Entries taken from a collection
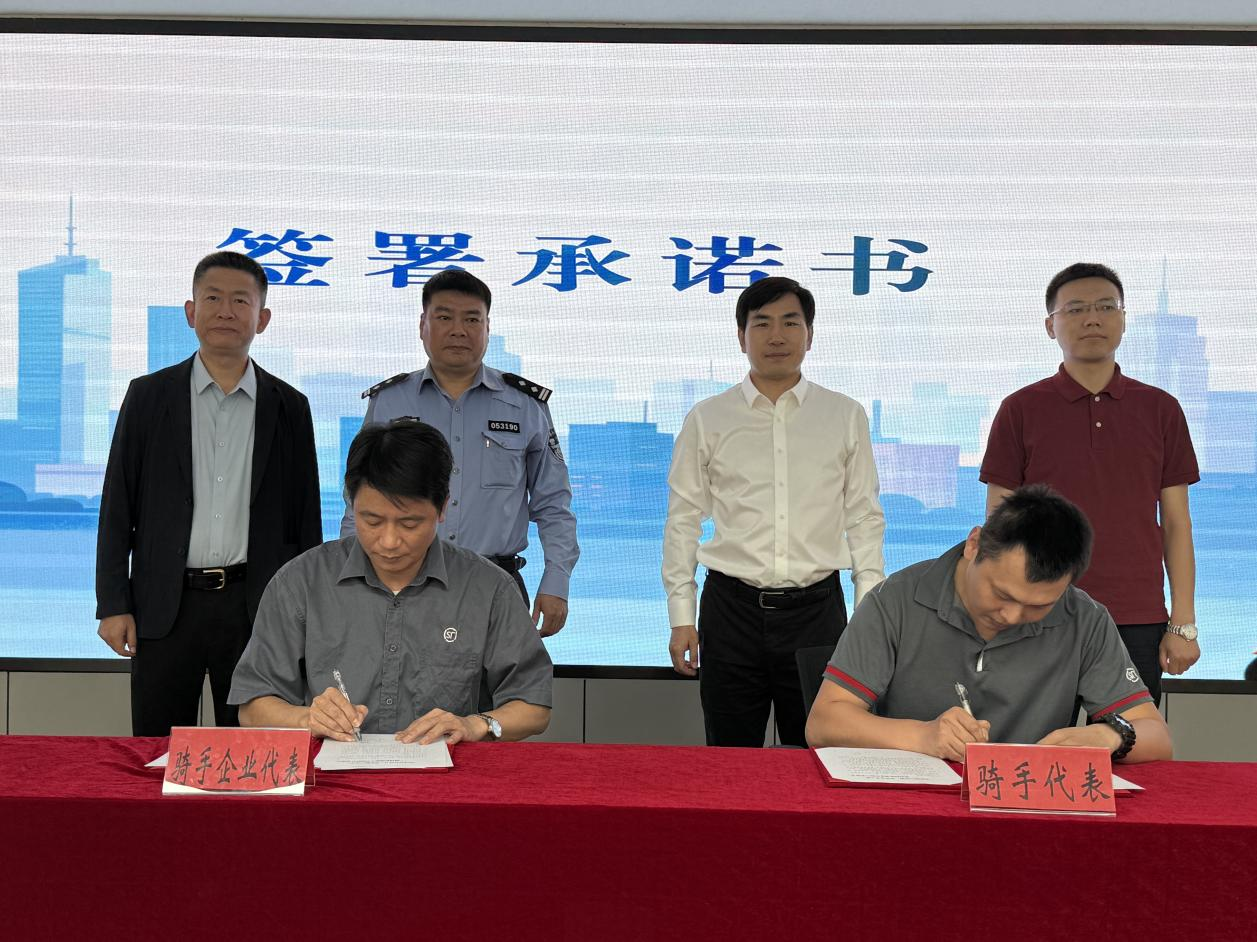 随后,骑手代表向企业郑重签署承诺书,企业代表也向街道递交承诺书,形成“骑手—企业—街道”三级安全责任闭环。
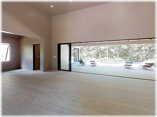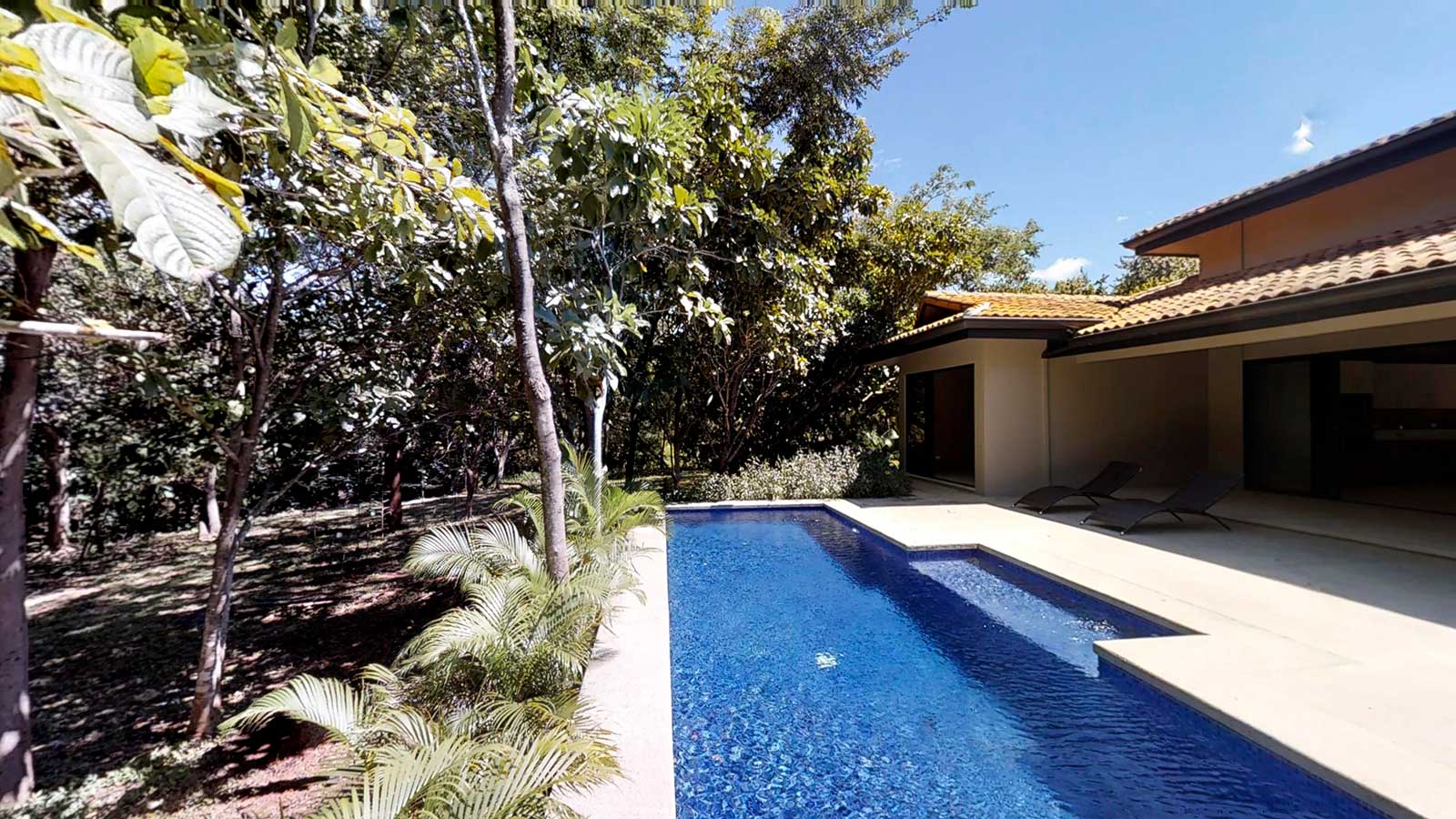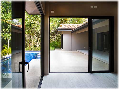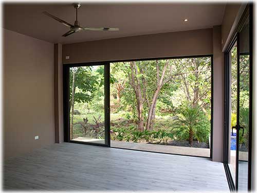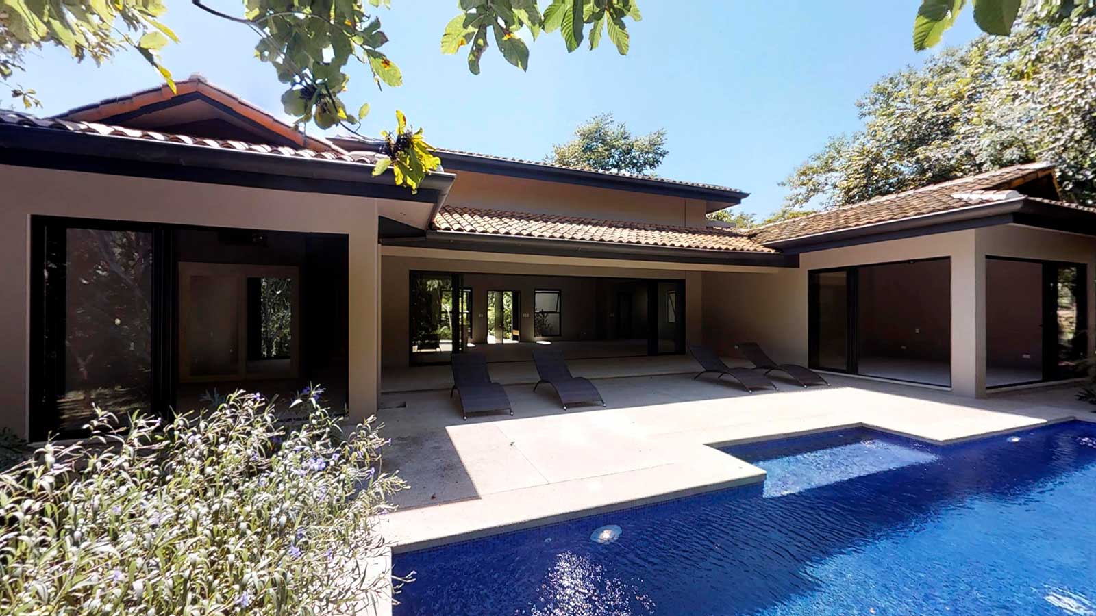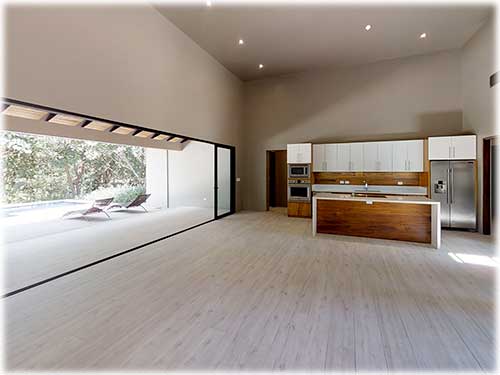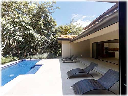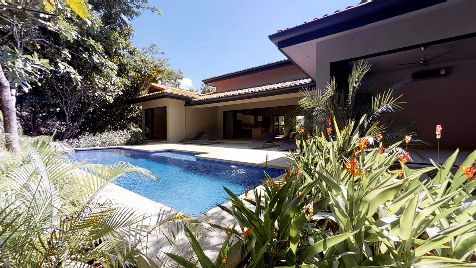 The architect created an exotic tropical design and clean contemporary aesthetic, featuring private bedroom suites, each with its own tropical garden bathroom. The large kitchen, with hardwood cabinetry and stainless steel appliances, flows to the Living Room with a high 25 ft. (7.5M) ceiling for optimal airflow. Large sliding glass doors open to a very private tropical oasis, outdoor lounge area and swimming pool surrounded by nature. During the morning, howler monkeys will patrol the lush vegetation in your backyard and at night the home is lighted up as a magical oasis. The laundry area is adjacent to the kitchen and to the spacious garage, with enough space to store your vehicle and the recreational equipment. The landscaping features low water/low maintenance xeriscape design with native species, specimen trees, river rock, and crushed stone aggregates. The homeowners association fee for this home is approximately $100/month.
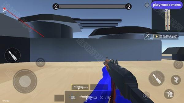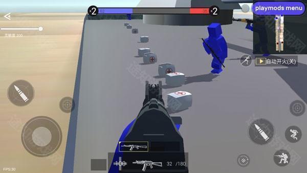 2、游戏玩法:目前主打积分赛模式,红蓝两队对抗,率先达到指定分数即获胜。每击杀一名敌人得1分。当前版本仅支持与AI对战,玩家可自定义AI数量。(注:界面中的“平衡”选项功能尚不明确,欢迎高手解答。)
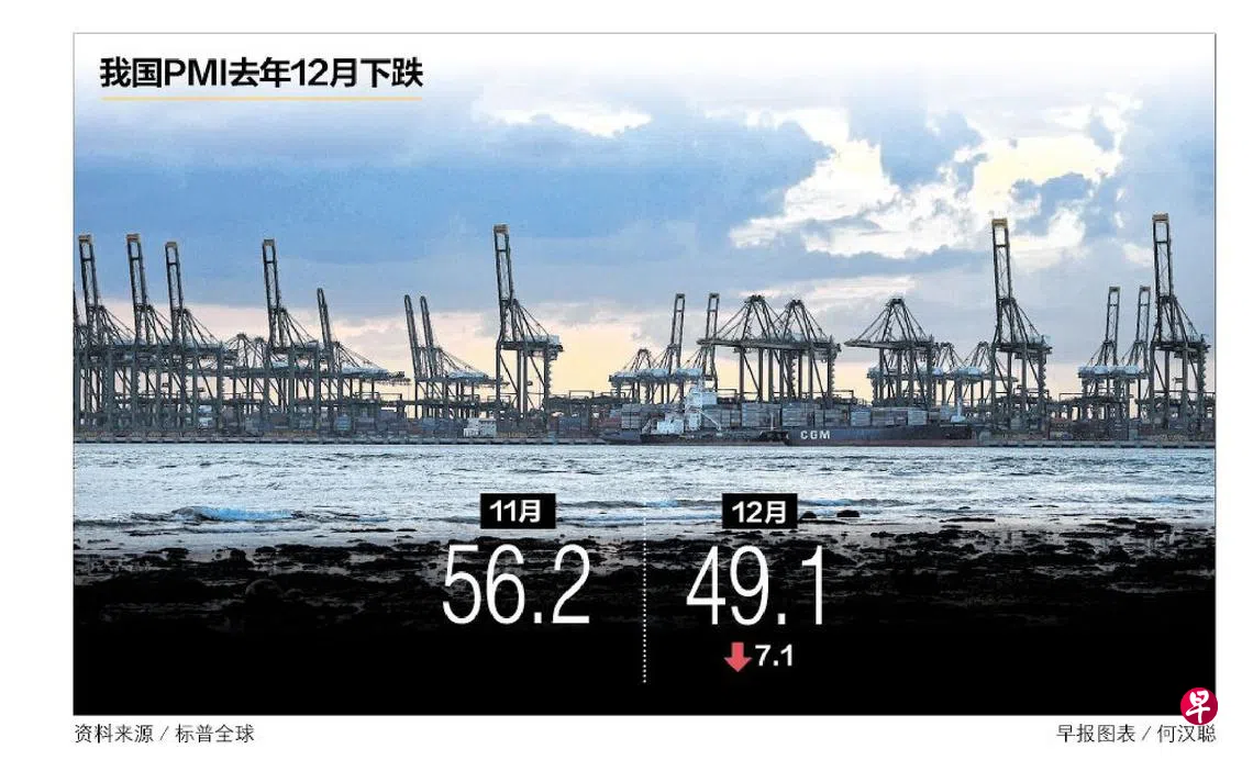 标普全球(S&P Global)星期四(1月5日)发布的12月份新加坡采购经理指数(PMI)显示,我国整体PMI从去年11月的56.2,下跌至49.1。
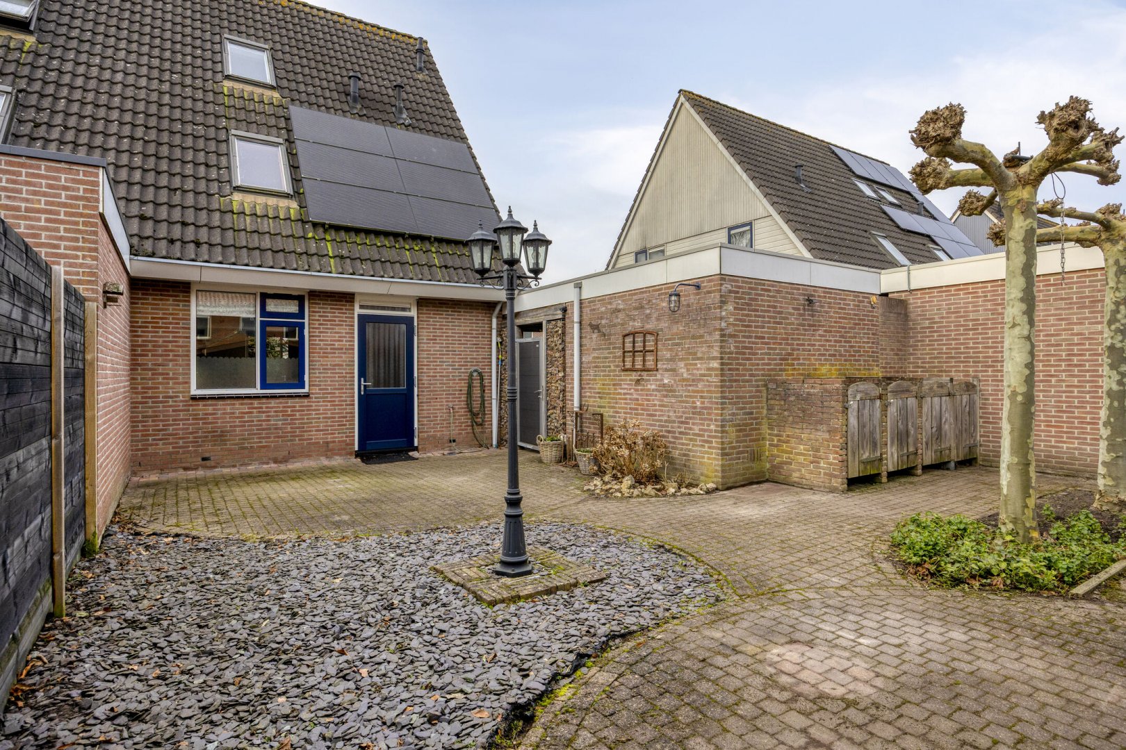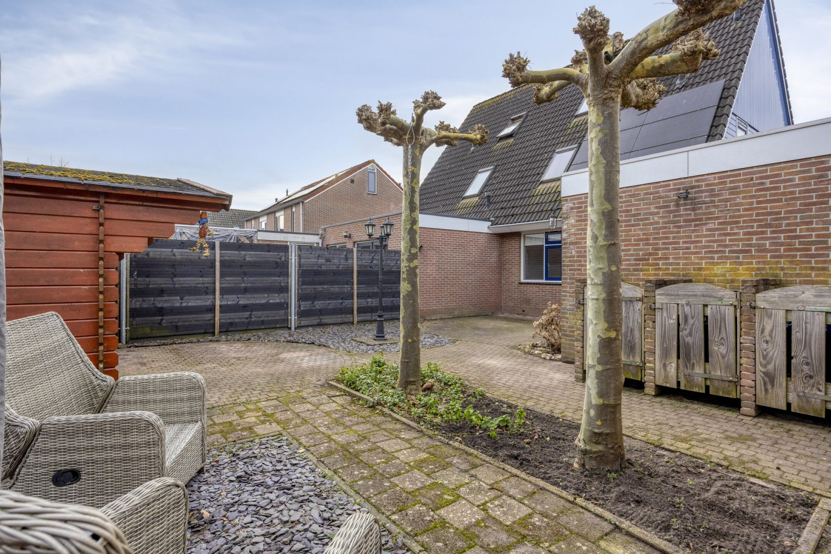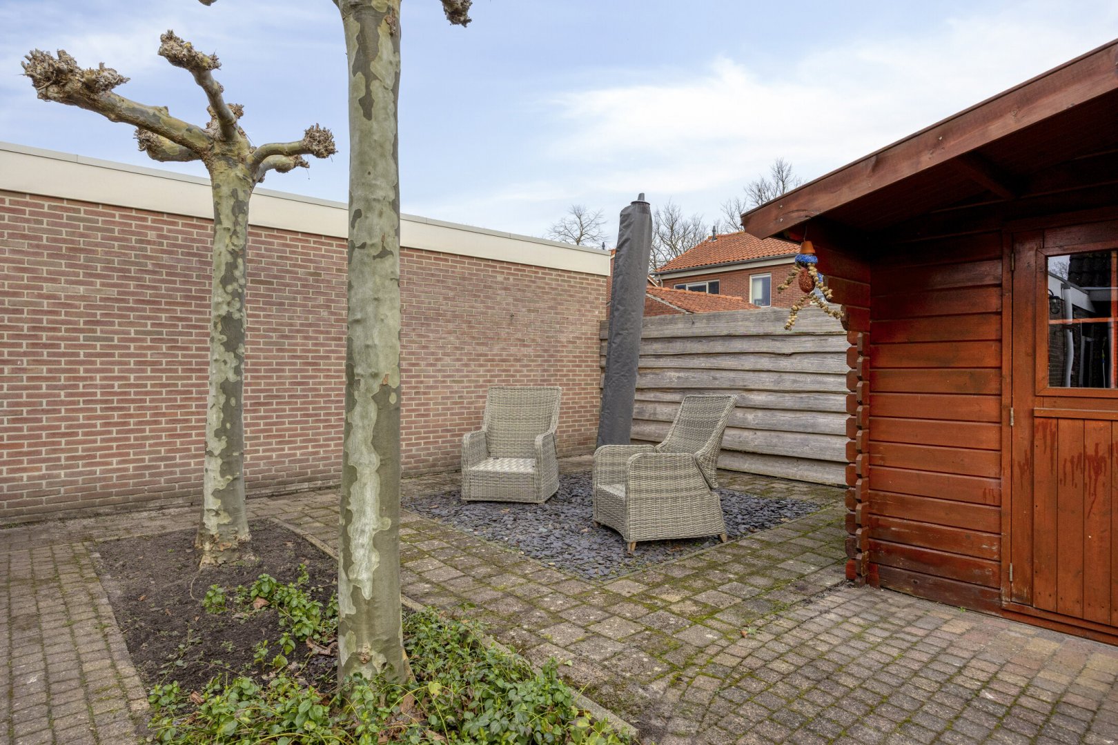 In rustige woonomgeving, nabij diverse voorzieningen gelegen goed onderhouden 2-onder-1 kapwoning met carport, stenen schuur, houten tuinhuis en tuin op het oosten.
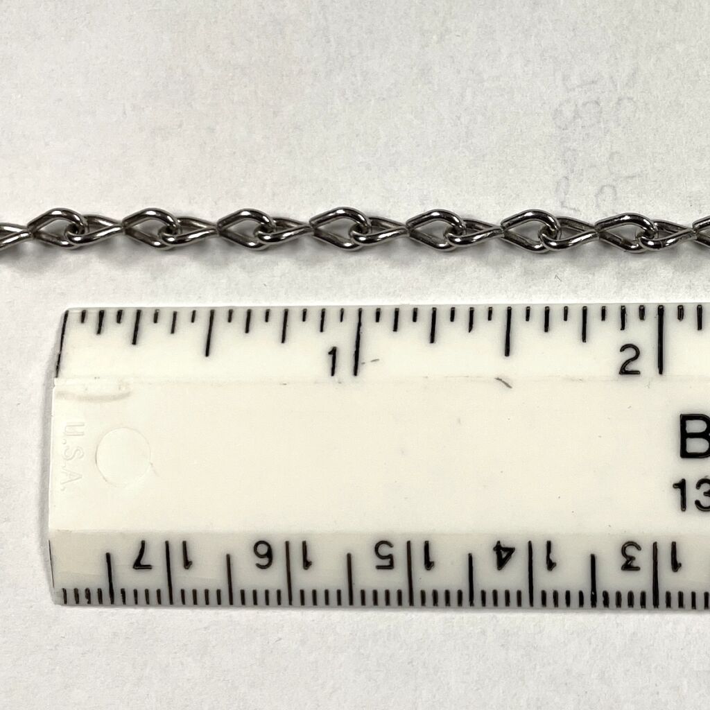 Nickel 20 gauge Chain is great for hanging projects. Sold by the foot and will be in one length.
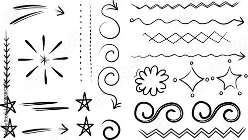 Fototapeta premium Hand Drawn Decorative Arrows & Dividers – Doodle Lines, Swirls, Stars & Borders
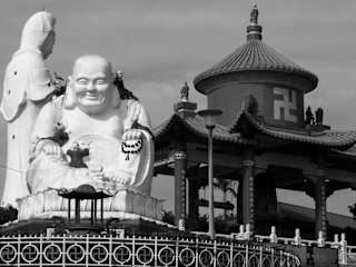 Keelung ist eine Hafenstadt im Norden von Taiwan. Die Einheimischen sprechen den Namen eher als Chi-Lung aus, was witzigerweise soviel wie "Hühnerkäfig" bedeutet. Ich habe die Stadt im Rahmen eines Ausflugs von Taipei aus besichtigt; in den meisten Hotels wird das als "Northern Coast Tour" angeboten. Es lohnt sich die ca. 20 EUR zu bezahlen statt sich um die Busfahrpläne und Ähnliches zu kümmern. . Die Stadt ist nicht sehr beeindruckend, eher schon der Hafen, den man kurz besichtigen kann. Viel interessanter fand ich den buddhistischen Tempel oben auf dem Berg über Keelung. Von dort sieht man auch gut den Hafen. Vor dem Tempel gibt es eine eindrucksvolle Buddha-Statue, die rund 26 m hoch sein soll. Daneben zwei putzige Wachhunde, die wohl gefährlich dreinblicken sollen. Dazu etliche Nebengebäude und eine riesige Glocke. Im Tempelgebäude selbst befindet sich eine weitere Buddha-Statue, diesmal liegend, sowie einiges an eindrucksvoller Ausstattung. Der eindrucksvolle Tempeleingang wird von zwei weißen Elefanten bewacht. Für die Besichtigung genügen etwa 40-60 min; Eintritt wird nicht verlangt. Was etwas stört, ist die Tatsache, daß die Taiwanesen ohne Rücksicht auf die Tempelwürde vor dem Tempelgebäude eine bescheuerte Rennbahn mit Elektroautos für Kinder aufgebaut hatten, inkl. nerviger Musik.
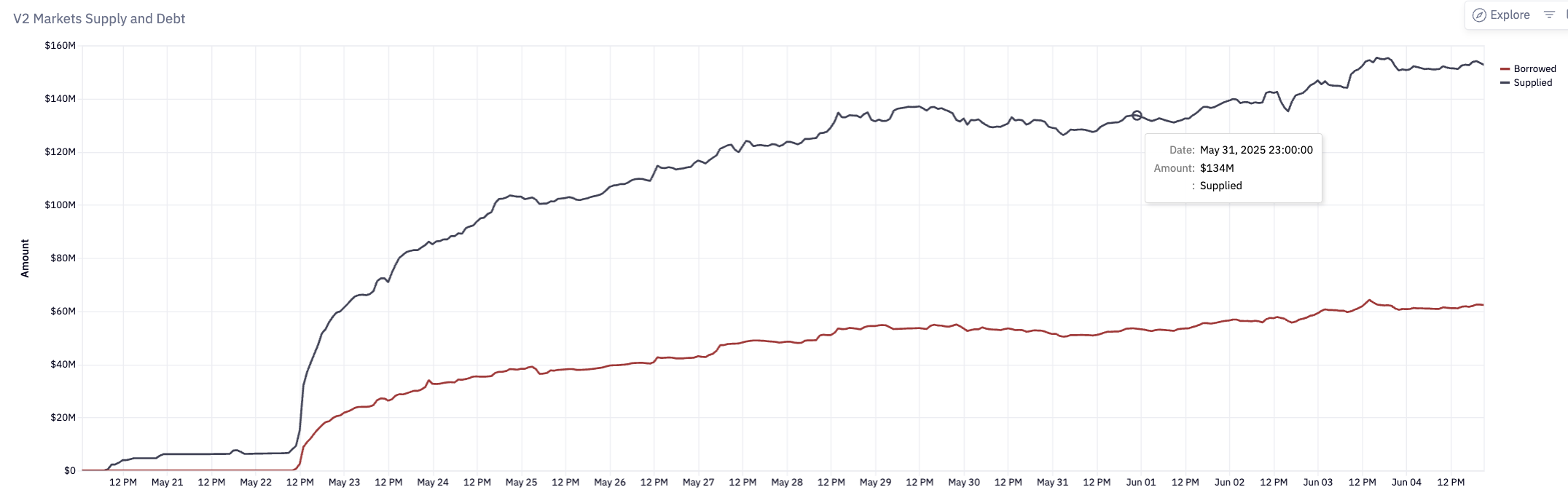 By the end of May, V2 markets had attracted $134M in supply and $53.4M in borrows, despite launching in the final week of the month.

Task requirements
Return a verbatim transcription of the data, omitting all images.

Output below
 随后,骑手代表向企业郑重签署承诺书,企业代表也向街道递交承诺书,形成“骑手—企业—街道”三级安全责任闭环。
 The architect created an exotic tropical design and clean contemporary aesthetic, featuring private bedroom suites, each with its own tropical garden bathroom. The large kitchen, with hardwood cabinetry and stainless steel appliances, flows to the Living Room with a high 25 ft. (7.5M) ceiling for optimal airflow. Large sliding glass doors open to a very private tropical oasis, outdoor lounge area and swimming pool surrounded by nature. During the morning, howler monkeys will patrol the lush vegetation in your backyard and at night the home is lighted up as a magical oasis. The laundry area is adjacent to the kitchen and to the spacious garage, with enough space to store your vehicle and the recreational equipment. The landscaping features low water/low maintenance xeriscape design with native species, specimen trees, river rock, and crushed stone aggregates. The homeowners association fee for this home is approximately $100/month.
 2、游戏玩法:目前主打积分赛模式,红蓝两队对抗,率先达到指定分数即获胜。每击杀一名敌人得1分。当前版本仅支持与AI对战,玩家可自定义AI数量。(注:界面中的“平衡”选项功能尚不明确,欢迎高手解答。)
 标普全球(S&P Global)星期四(1月5日)发布的12月份新加坡采购经理指数(PMI)显示,我国整体PMI从去年11月的56.2,下跌至49.1。
 In rustige woonomgeving, nabij diverse voorzieningen gelegen goed onderhouden 2-onder-1 kapwoning met carport, stenen schuur, houten tuinhuis en tuin op het oosten.
 Nickel 20 gauge Chain is great for hanging projects. Sold by the foot and will be in one length.
 Fototapeta premium Hand Drawn Decorative Arrows & Dividers – Doodle Lines, Swirls, Stars & Borders
 Keelung ist eine Hafenstadt im Norden von Taiwan. Die Einheimischen sprechen den Namen eher als Chi-Lung aus, was witzigerweise soviel wie "Hühnerkäfig" bedeutet. Ich habe die Stadt im Rahmen eines Ausflugs von Taipei aus besichtigt; in den meisten Hotels wird das als "Northern Coast Tour" angeboten. Es lohnt sich die ca. 20 EUR zu bezahlen statt sich um die Busfahrpläne und Ähnliches zu kümmern. . Die Stadt ist nicht sehr beeindruckend, eher schon der Hafen, den man kurz besichtigen kann. Viel interessanter fand ich den buddhistischen Tempel oben auf dem Berg über Keelung. Von dort sieht man auch gut den Hafen. Vor dem Tempel gibt es eine eindrucksvolle Buddha-Statue, die rund 26 m hoch sein soll. Daneben zwei putzige Wachhunde, die wohl gefährlich dreinblicken sollen. Dazu etliche Nebengebäude und eine riesige Glocke. Im Tempelgebäude selbst befindet sich eine weitere Buddha-Statue, diesmal liegend, sowie einiges an eindrucksvoller Ausstattung. Der eindrucksvolle Tempeleingang wird von zwei weißen Elefanten bewacht. Für die Besichtigung genügen etwa 40-60 min; Eintritt wird nicht verlangt. Was etwas stört, ist die Tatsache, daß die Taiwanesen ohne Rücksicht auf die Tempelwürde vor dem Tempelgebäude eine bescheuerte Rennbahn mit Elektroautos für Kinder aufgebaut hatten, inkl. nerviger Musik.
 By the end of May, V2 markets had attracted $134M in supply and $53.4M in borrows, despite launching in the final week of the month.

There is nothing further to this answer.